• _Work to be completed_
Write out the records below from the first line through the line containing "Menchen Thomas presentó", leaving out any pictures.

• _Information given_
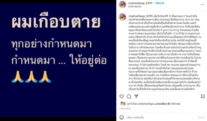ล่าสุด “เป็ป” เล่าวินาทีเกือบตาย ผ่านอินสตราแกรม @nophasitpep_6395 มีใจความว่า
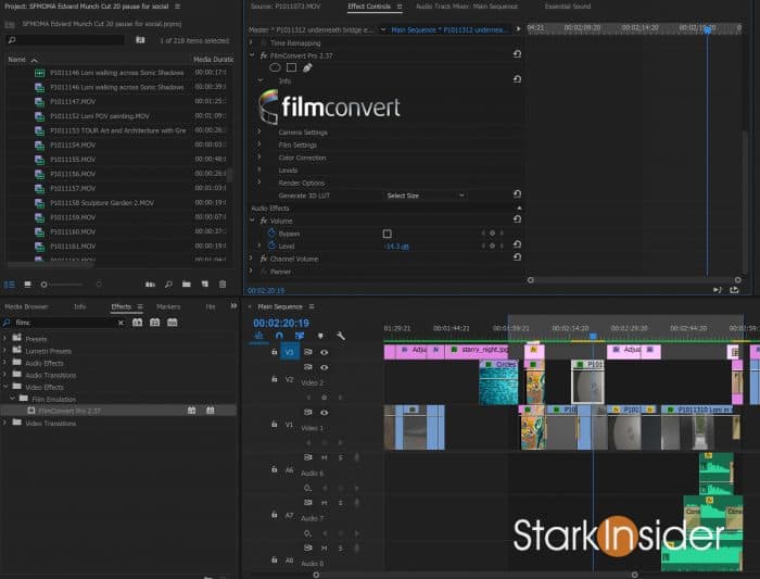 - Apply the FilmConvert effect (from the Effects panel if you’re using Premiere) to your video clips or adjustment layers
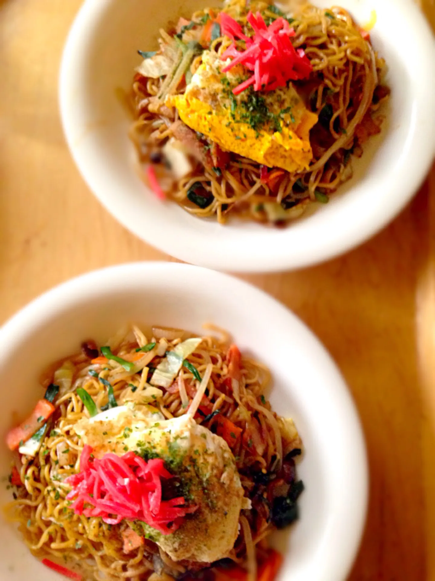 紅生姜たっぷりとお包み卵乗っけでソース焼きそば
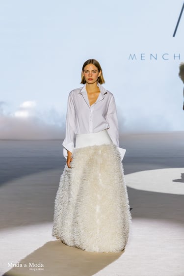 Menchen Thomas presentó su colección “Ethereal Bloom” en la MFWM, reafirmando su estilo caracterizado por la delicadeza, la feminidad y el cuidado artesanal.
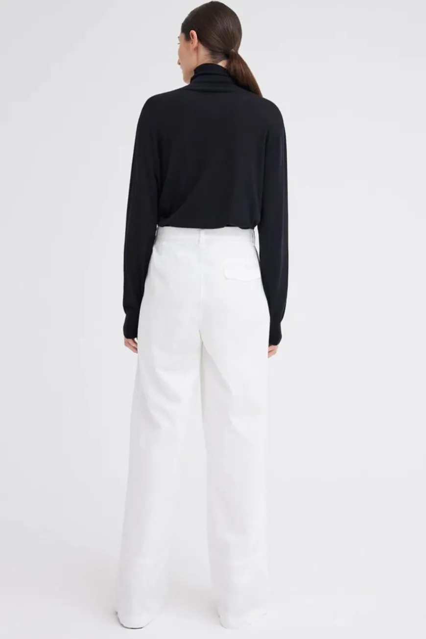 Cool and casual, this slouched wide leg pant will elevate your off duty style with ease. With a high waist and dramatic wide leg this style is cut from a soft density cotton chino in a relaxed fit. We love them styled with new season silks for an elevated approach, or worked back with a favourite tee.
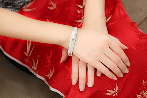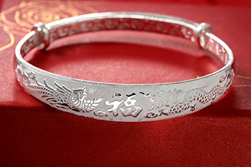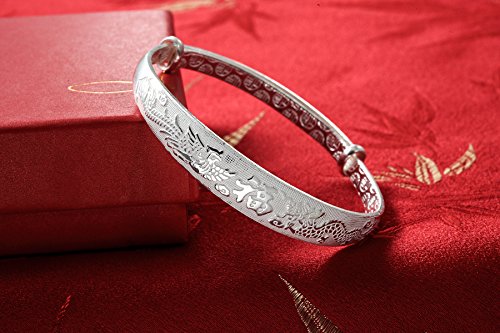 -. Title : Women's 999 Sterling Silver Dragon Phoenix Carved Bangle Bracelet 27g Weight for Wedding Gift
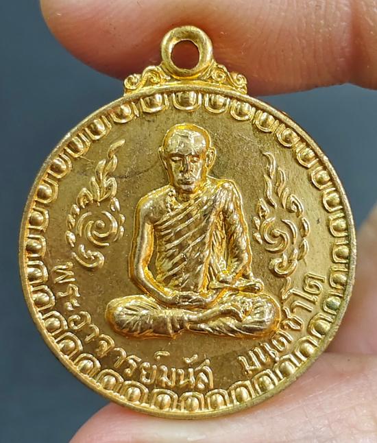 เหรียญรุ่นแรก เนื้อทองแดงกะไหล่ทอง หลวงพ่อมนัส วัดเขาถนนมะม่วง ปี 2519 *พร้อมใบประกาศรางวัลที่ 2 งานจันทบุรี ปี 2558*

• _Expected answer_
ล่าสุด “เป็ป” เล่าวินาทีเกือบตาย ผ่านอินสตราแกรม @nophasitpep_6395 มีใจความว่า
 - Apply the FilmConvert effect (from the Effects panel if you’re using Premiere) to your video clips or adjustment layers
 紅生姜たっぷりとお包み卵乗っけでソース焼きそば
 Menchen Thomas presentó su colección “Ethereal Bloom” en la MFWM, reafirmando su estilo caracterizado por la delicadeza, la feminidad y el cuidado artesanal.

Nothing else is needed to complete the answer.